What to Do When the Starter Motor Clicks but Doesn't Turn?
4 Answers
This situation may be caused by a damaged battery or a circuit malfunction. The battery is a crucial component of a car. Without it, the vehicle cannot operate normally. When the engine is not running, the battery supplies power to all electronic devices in the car and is also responsible for starting the engine. Common car faults include: 1. Poor idle operation; symptoms may include unstable idling with engine shaking, idle speed exceeding the upper limit, idle speed falling below the lower limit, or rough idling. These issues may be related to faulty or malfunctioning components such as fuel injectors, oxygen sensors, air flow sensors, exhaust gas recirculation valves, as well as poor connections in control circuits or vacuum lines. 2. Abnormal noises; such as "backfire," "popping," "surging," "knocking," and mechanical noises. "Backfire" occurs when combustion flames spray out from the intake pipe in the opposite direction of intake, accompanied by noise. Possible causes of "backfire" include clogged or stuck main fuel injectors or cold start injectors leading to an overly lean mixture, delayed or misfired ignition, unsealed intake valves, intake manifold leaks, or low or fluctuating fuel pressure.

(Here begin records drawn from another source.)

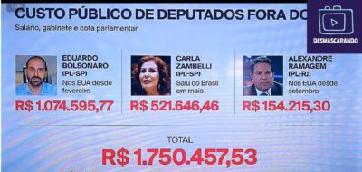 Fora do Brasil há meses e sem o direito de exercer seus mandatos como deputados, Alexandre Ramagem (PL-RJ), Eduardo Bolsonaro (PL-SP) e Carla Zambelli (PL-SP) continuam custando aos cofres públicos. Levantamento da GloboNews indica que a Câmara dos Deputados desembolsou R$ 419,3 mil com os três somente em outubro.
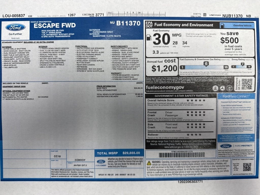 Extra Clean!, Escape SE, 4D Sport Utility, 1.5L EcoBoost, 8-Speed Automatic, FWD, Carbonized Gray Metallic, Sandstone Cloth, Equipment Group 200A.
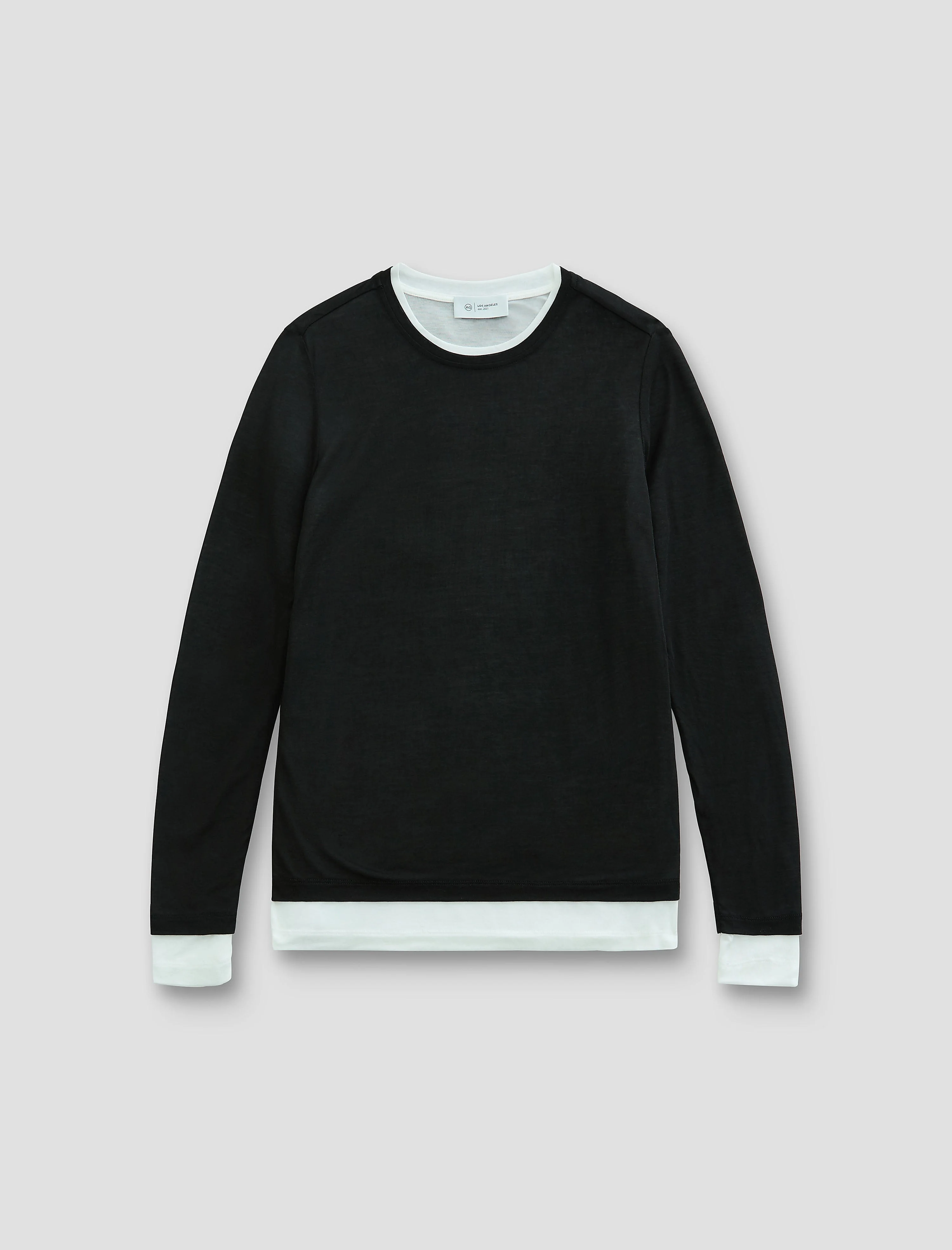Layered Long Sleeve Eleni is a layered top crafted from our tissue-weight jersey fabrication for superior softness and breathability without the bulk. Round neck, long sleeves, contrasting black on white style. DETAILS & FIT Model is wearing size S. - Body Length: 23" - Chest Width: 32" - Sleeve Length: 25 1/2" FABRIC & CARE Tissue Weight Jersey, 70% Lyocell, 30% Acetate
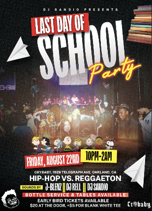 Last Day of School....Where nostalgia meets nightlife- Hip-Hop Vs. Reggaeton in the air while you autograph your crush's T-Shirt. Bring your own or purchase one at the door.
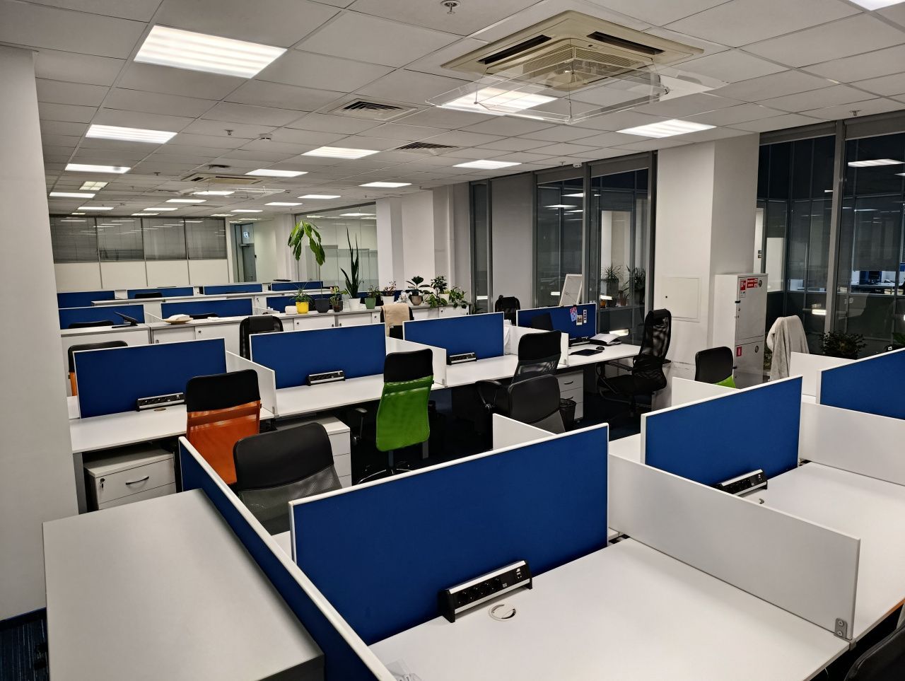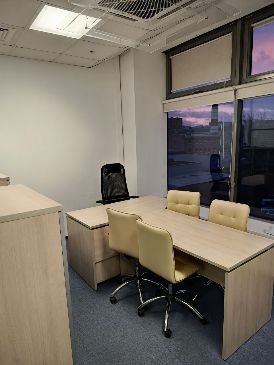 Пол - ковровая плитка, стены окрашены, потолок Армстронг. Предлагается с мебелью – столы в открытых зонах с выполненной разводкой слаботочки, без кресел. В офисе есть санузел и кухня.
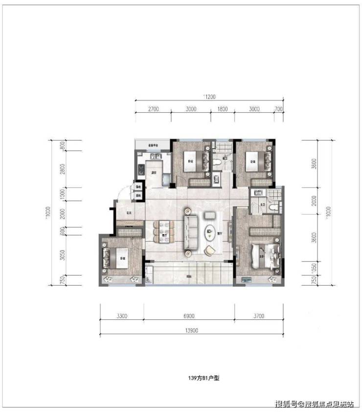 约127㎡ 经典四叶草户型,全明通透,4个功能间分别位于四角,正好契合了当下注重隐私的居住潮流。
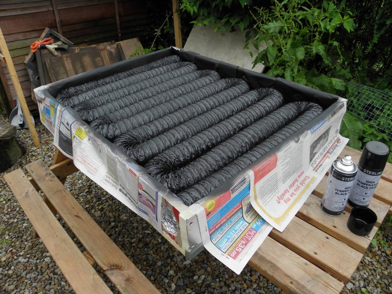 - Во внутреннею поверхность плотно закрытого утепленного короба можно ставить отражающий материал (фольгу), но тут он закрепляется на черном резиновом коврике. Это также эффективный вариант, так как темный цвет лучше притягивает лучи, аккумулирует тепло.
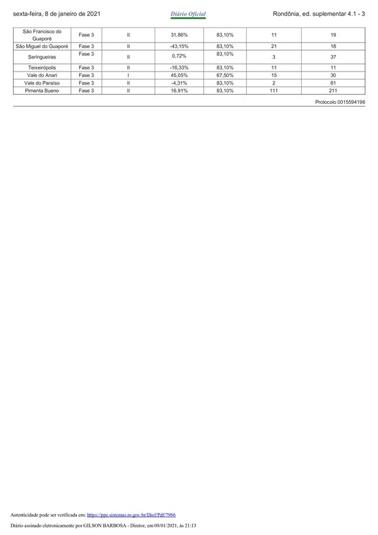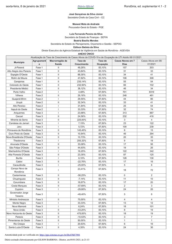 Ji-Paraná , Alto Alegre dos Parecis, Espigão D'Oeste, Rolim de Moura, Cerejeiras, Colorado do Oeste e Presidente Médici foram reclassificadas para a fase 1.
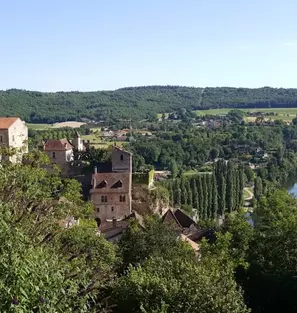 Traversée du Lot à Bouziès sur le pont suspendu pour poursuivre sur le chemin de halage taillé dans le rocher. Visite de Saint-Cirq-Lapopie, village médiéval perché sur son éperon rocheux qui surplombe le Lot.
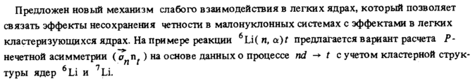 Предложен новый механизм слабого взаимодействия в легких ядрах, который позволяет связать эффекты несохранения четности в малонуклонных системах с эффектами в легких кластеризующихся ядрах. На примере реакции 6Li( п, a)t предлагается вариант расчета Р-нечетной асимметрии (<Г η ) на основе данных о процессе nd -* t с учетом кластерной струк6 7 туры ядер Li и Li.
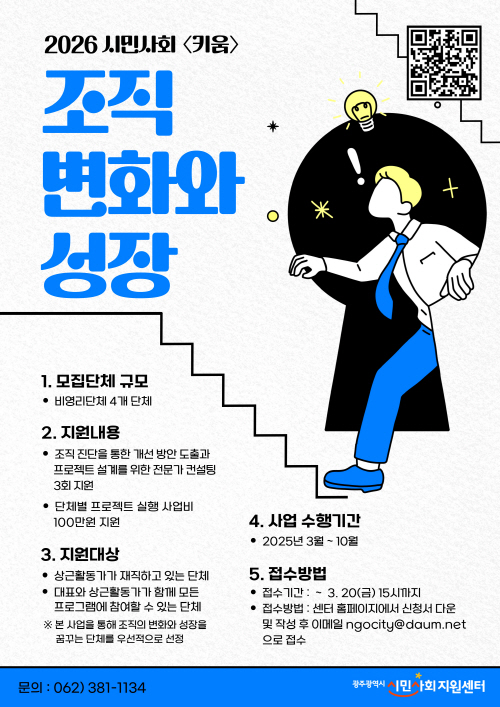 센터 관계자는 “지역 비영리단체들이 겪는 재정 불안정, 미션 재정립, 인력 부족 등의 구조적 문제를 함께 진단하고, 실질적 개선과 실행까지 이어지는 과정을 지원하고자 한다”며 “조직의 전환점을 만들고 싶은 단체들의 적극적인 참여를 기대한다”고 밝혔다.
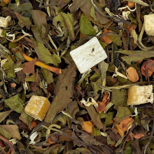 Thé blanc Pai Mu Tan, morceaux de pomme, cubes de pomelo (écorce de pomelo, sucre, acidifiant : acide citrique), arôme naturel, Aloe Vera confit (Aloe Vera, sucre), baies de sureau, arilles de grenade, fleurs de bleuet.
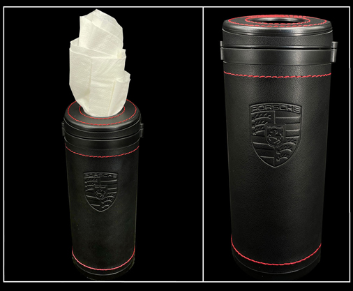 Boîte de Mouchoirs Porsche Extérieur 100% cuir de vachette - Intérieur résine - Surpiqûres rouges Couleur Noir - Hauteur 17,5 cm - Diamètre 6,5 cm Mouchoirs non inclus Porsche WAP0500080PTTB 49,95 € TTC / Incl. Taxes

I remember my car had the same issue, and I was sweating bullets at the time. The clicking sound means the starter solenoid is engaging, but the power isn't transferring. First, check the battery—it might not have enough voltage to turn the starter. Use a voltmeter; if it drops below 9.5V during cranking, it's too weak. I also tried tapping the starter housing—an old mechanic's trick that works when the brushes are stuck. If the battery terminals are hot and corroded, clean off the oxidation ASAP. Last time, my buddy’s car had a burnt relay—the click was very faint, and replacing it cost just 80 bucks. Winter makes it worse—the oil gets thick like honey, and the starter can’t crank the engine at all.
Don't panic when encountering this issue, let me walk you through the process. First, open the hood and test the battery voltage - if it's below 12.2V when cold, the battery is definitely drained. Try tapping the starter motor with a wrench; sometimes stuck carbon brushes can be loosened by vibration. Then inspect the wiring, paying special attention to whether the thick cable from battery to starter has exposed wires touching ground. I once found loose starter mounting screws causing poor grounding after jump-starting my car. If the starter spins but won't turn the engine, the fork mechanism is likely broken. For modified electrical systems, watch for anti-theft devices that may accidentally lock the starter circuit. In emergencies, you can push-start a manual transmission in second gear, but automatic transmissions will need roadside assistance.
Three common culprits for the starter not turning: weak battery, starter motor failure, or wiring issues. A battery's surface voltage can be misleading—use a specialized tester to check CCA values. The starter solenoid may engage, but if the copper contact surfaces are burnt, current won't flow; sanding them down can provide a temporary fix. Ever heard of a rotor seized in its copper sleeve? Repair shops often soak it in kerosene for hours. Don't overlook the ignition switch—worn contacts can cause intermittent failure. This issue is especially common in vehicles retrofitted with push-start systems.